Joey Votto slumped in the chair inside the interview room looking as if he'd just struck out for the 112th consecutive time and clanked a ground ball to allow the winning run to score.
Italy upset Canada's major-league lineup 6-2 advancing to tonight's elimination game against Venezuela.
"In my experience," Votto said, "this is the most disappointing loss I've ever suffered. It will take some time to recover."
Italy had four players in the lineup who appeared in the majors in 2008, including Francisco Cervelli's five at-bats with the New York Yankees.
"I know it is only a ball game, but this was devastating. I was really excited about this tournament," Votto said.
"I don't think we tightened up, guys still had heart, we didn't give up. They beat us."
How does Canada play so well Saturday against Team USA losing 6-5 with the tying run on second and one out in the ninth and go so meekly into the night and on out-bound planes this morning after losing to Italy?
"We knew the American pitchers, we'd either faced them or we had seen them on TV," Votto said. "The only guy I knew of Italy's three pitchers was Jason Grilli. When the guy is unknown, the advantage goes to the pitcher."

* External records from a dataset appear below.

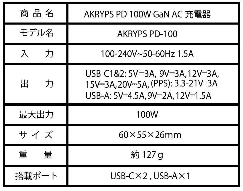 サイズ、ポート数、出力、どれをとっても万能な「AKRYPS PD 100W GaN AC」
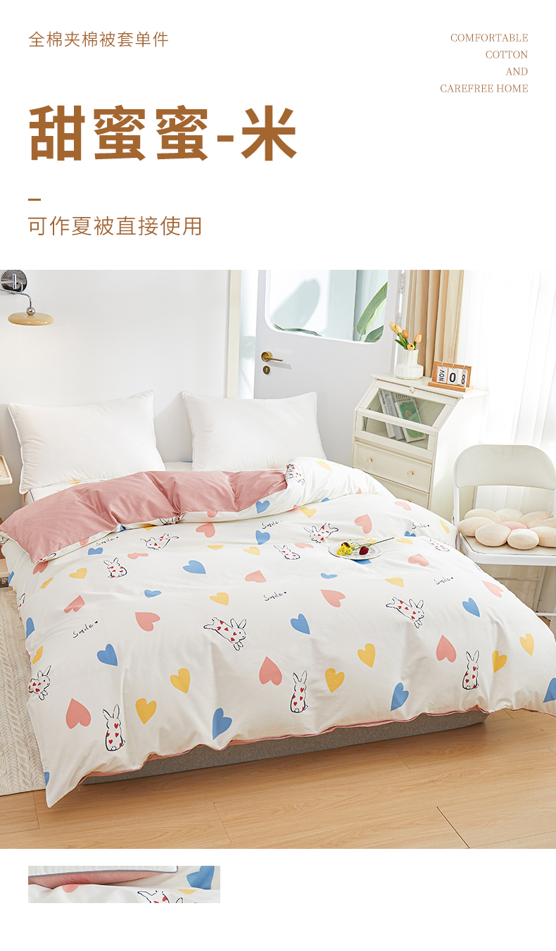 商品名称:元元 2024新款小清新隐藏式夹棉套件单品-夹棉被套 甜蜜蜜-米
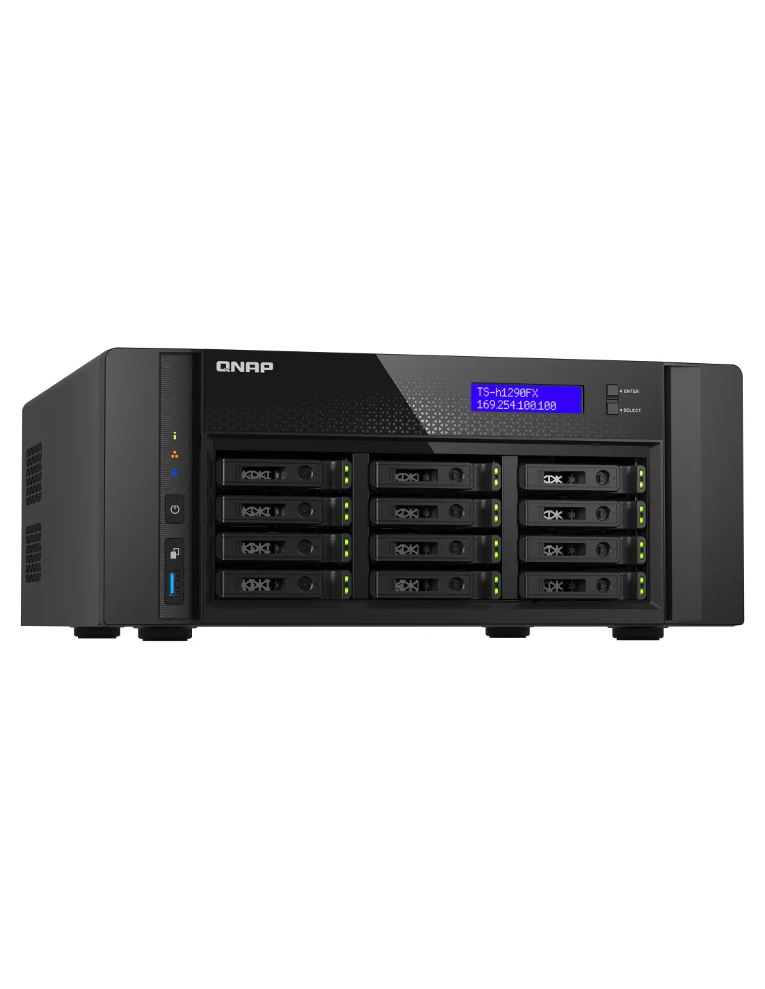 QNAP TS-h1290FX. Tipo: NAS. Tipo de chasis: Torre. Clase del dispositivo: Pequeñas y medianas empresas. Familia de procesador: EPYC, Modelo del procesador: 7302P, Frecuencia del procesador: 3 GHz. Memoria interna: 128 GB, Tipo de memoria interna: DDR4. Capacidad de almacenamiento total instalado: 0 TB. Sistema operativo instalado: QuTS hero
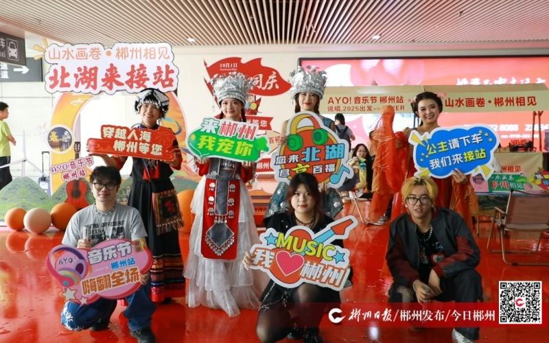2025年国庆假期恰逢中秋,郴州迎来返乡与旅游客流高峰。为充分展现城市热情好客的形象,北湖区于郴州西站出站口策划组织了“山水画卷·郴州相见——北湖来接站”主题活动,通过沉浸式接站体验,让游客在抵达第一时间即感受到“您来北湖 尽享百福”的温馨氛围。
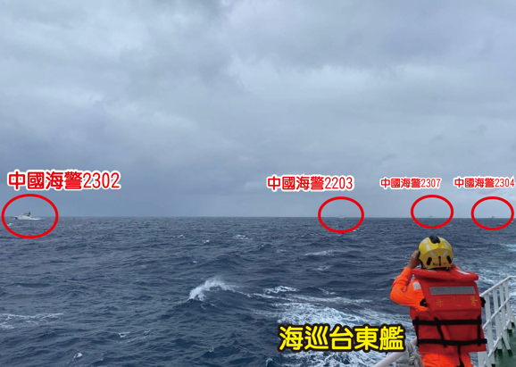 針對近日中國海警船在臺灣周邊海域進行灰色地帶騷擾行為,海巡署今日表示,9艘中國海警船已於凌晨2時40分分批離開,現全數撤離至彭佳嶼東北方43浬外海域。
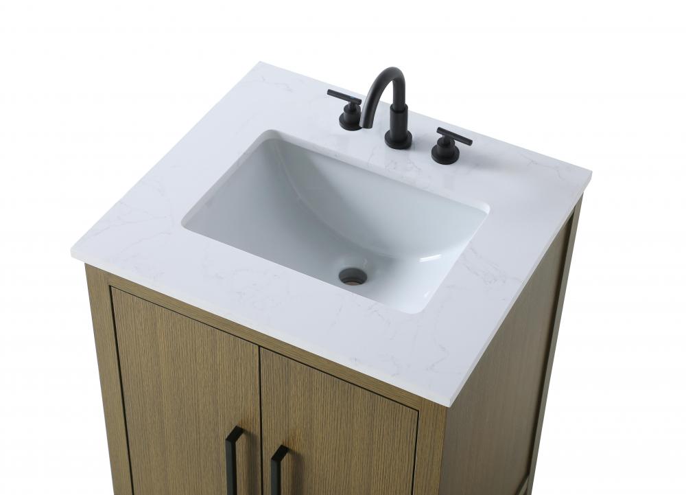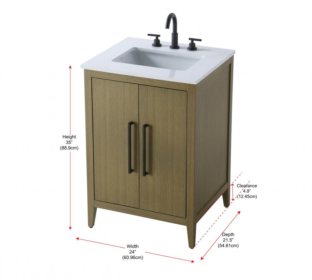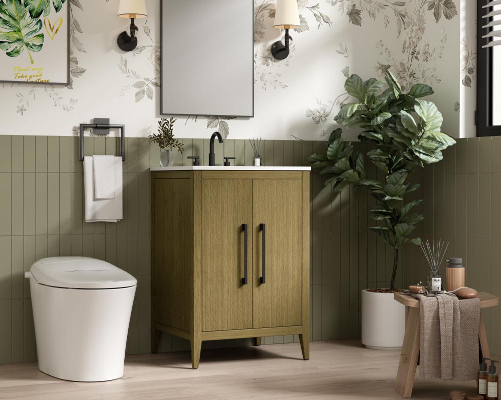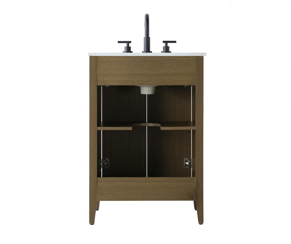 Bring both elegance and practicality to your bathroom with this transitional vanity, available in a selection of rich finishes that highlight the beauty of faux wood grain in shades of mocha, chestnut, and honey, along with classic white and modern grey. The flat door panels and sleek black metal pulls create a minimalist yet refined aesthetic, while the soft-closing drawers and tapered legs with levelers provide smooth, functional operation. Topped with a luxurious white engineered marble countertop and featuring a porcelain sink, this vanity combines timeless style with modern efficiency. Thoughtfully designed with U-shaped cutout for plumbing, it offers ample storage and easy installation, making it the perfect centerpiece for any bathroom.
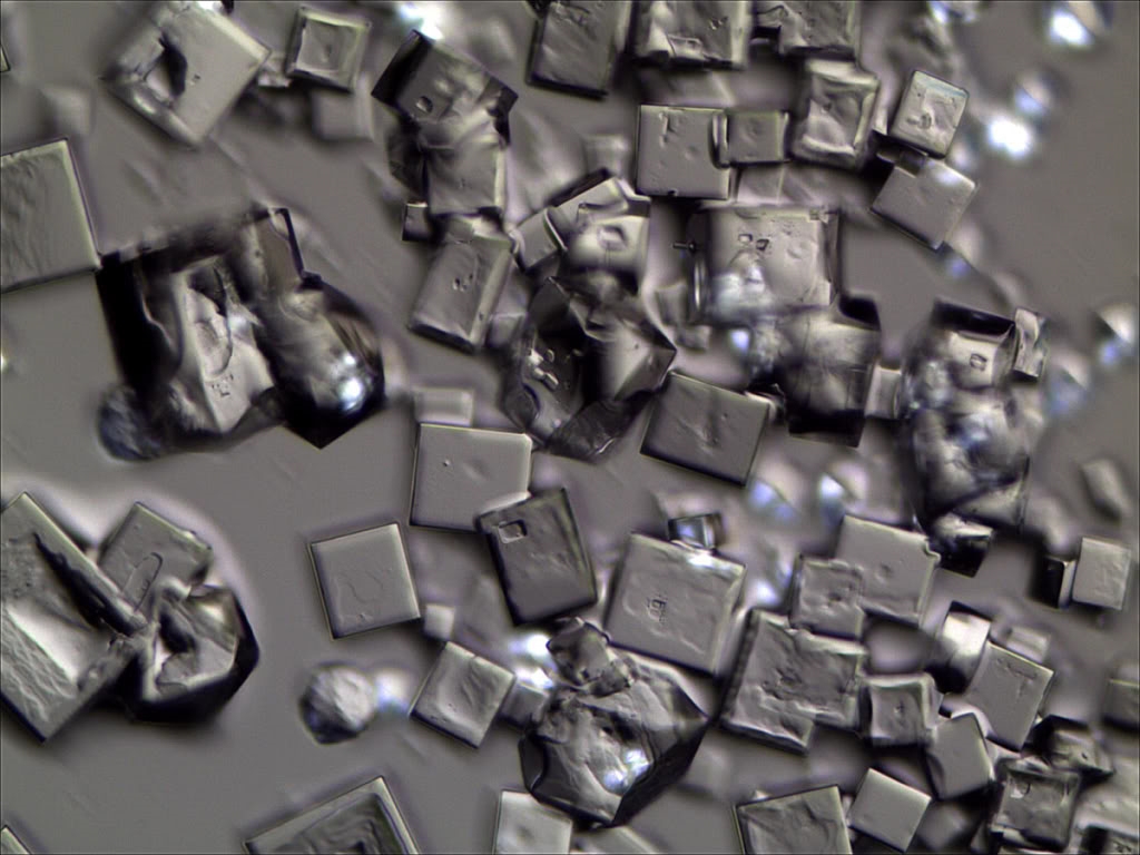 ich habe ein Präparat mit Meerwasser austrocknen lassen, es haben sich jede Menge Kristalle gebildet:
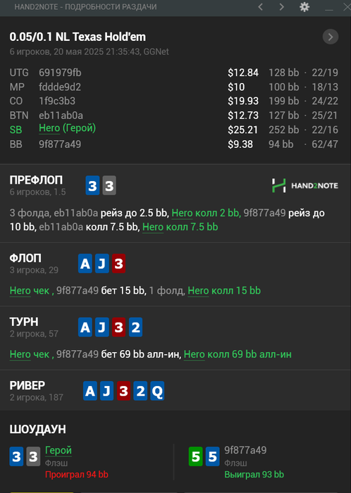 2. Bb vs sb. QQ пушатся/коллим? или это около нулевое или минусовое действие? Опп 25% 3бет. На 50 рук правда, но всё же не нит лютый.
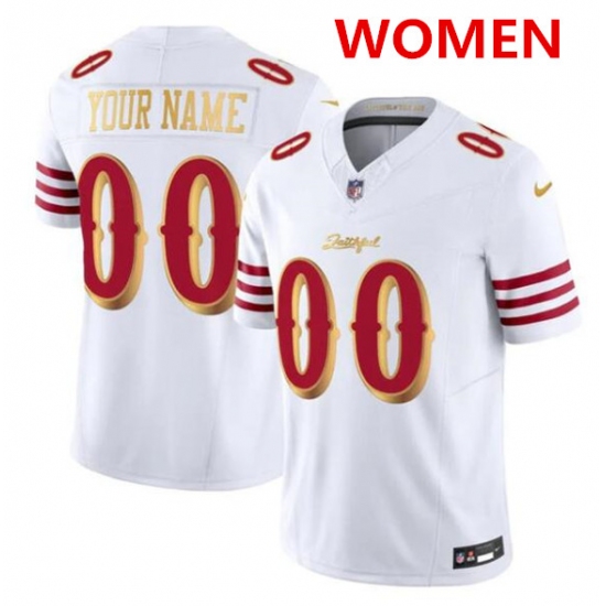 >Women's San Francisco 49ers ACTIVE PLAYER Custom White Gold 2025 F.U.S.E. “Rivalries” Vapor Limited Football Stitched Jersey(Run Small)
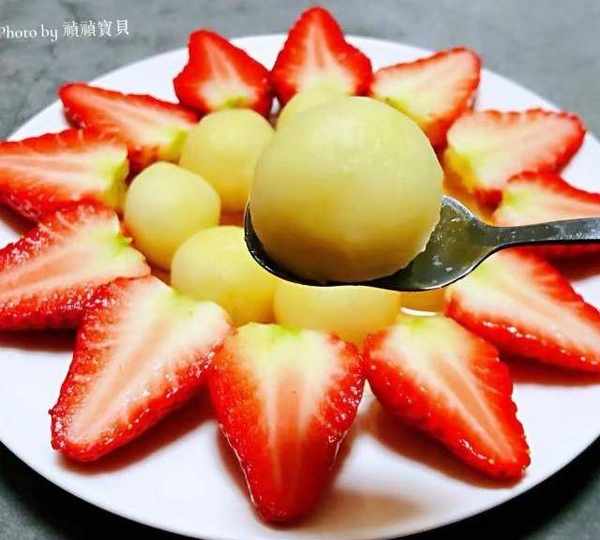 第11步、草莓一切為二擺在山藥球的外側瞬間顏值爆表。
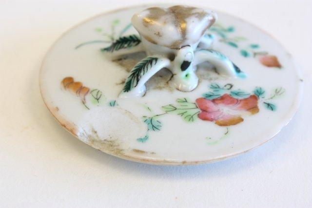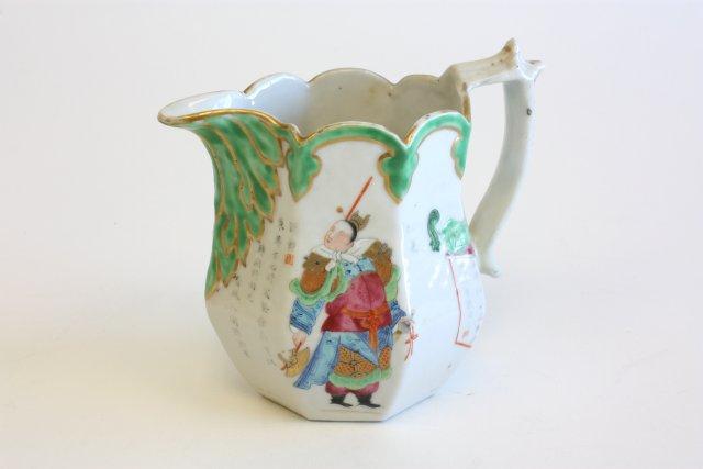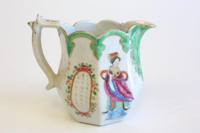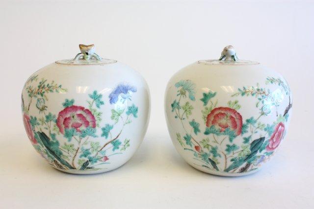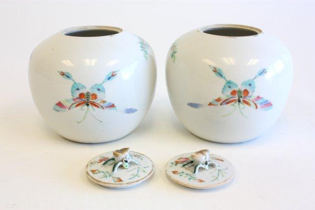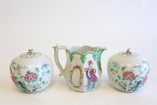 1-19th c. pitcher, approx. 5 1/2" H x 6 1/2" W. Jars have lids approx. 5" D x 5" H, one lid as is, some paint loss.
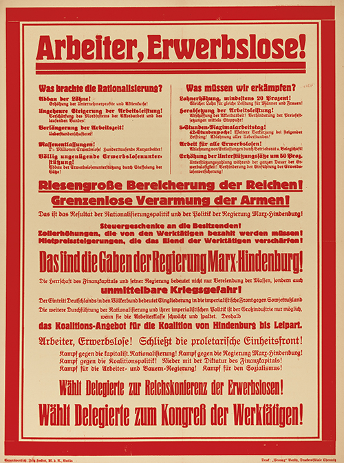 142 Arbeiter, Erwerbslose! … Regierung Marx-Hindenburg ... Wählt Delegierte zum Kongreß der Werktätigen!
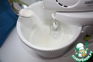 Продолжаем взбивать и добавляем тонкой струйкой обычный и ванильный сахар.
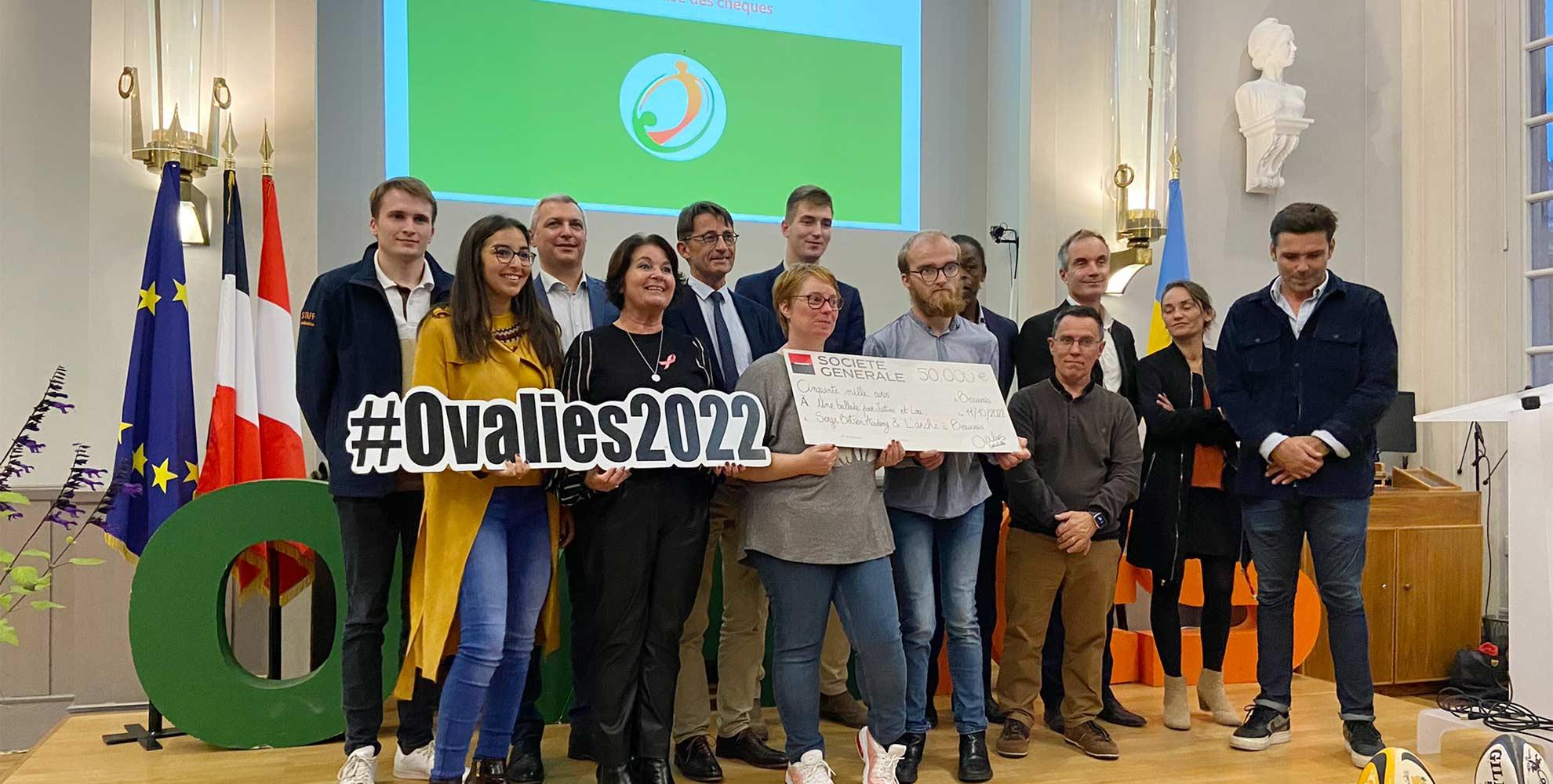 La remise de chèque a eu lieu ce mardi 10 octobre 2022 dans la salle des mariages de l’Hôtel de ville de Beauvais en présence de Franck Pia, maire de Beauvais, Dimitri Yachvili, parrain des 27es Ovalies UniLaSalle, Serge Betsen, ancien international du XV de France, des représentants de la communauté de l’Arche et de nombreux partenaires.

Derek Jeter, Mark Teixeira and Johnny Damon all said the same three years ago when Adam Loewen beat the U.S. 8-6.
Starter Vince Perkins took the blame, as did manager Ernie Whitt.
"The bottom line is, I let the guys down," Perkins said, "I didn't set the tempo. I put pressure on our hitters, putting them in a hole early."
Perkins mishandled a comebacker for an error to open the game, walked two an out later to load the bases and nearly threw away a tapper back to him. In all he walked four in two-plus innings, allowing three runs, one unearned.
"Obviously some nerves played into it, I was contacted for this two or three months ago, you build up towards the start and have this huge disappointment when you perform like I did.
"You have to move on, go back to spring training, baseball and life moves on."
Less than an hour before the first pitch Perkins sat in the third base dugout in street clothes, an odd sight at the Rogers Centre. Meanwhile, Canadian hitters buzzed around Don Cherry, who threw out the first pitch -- a Kingston slider for a strike -- for pictures and autographs.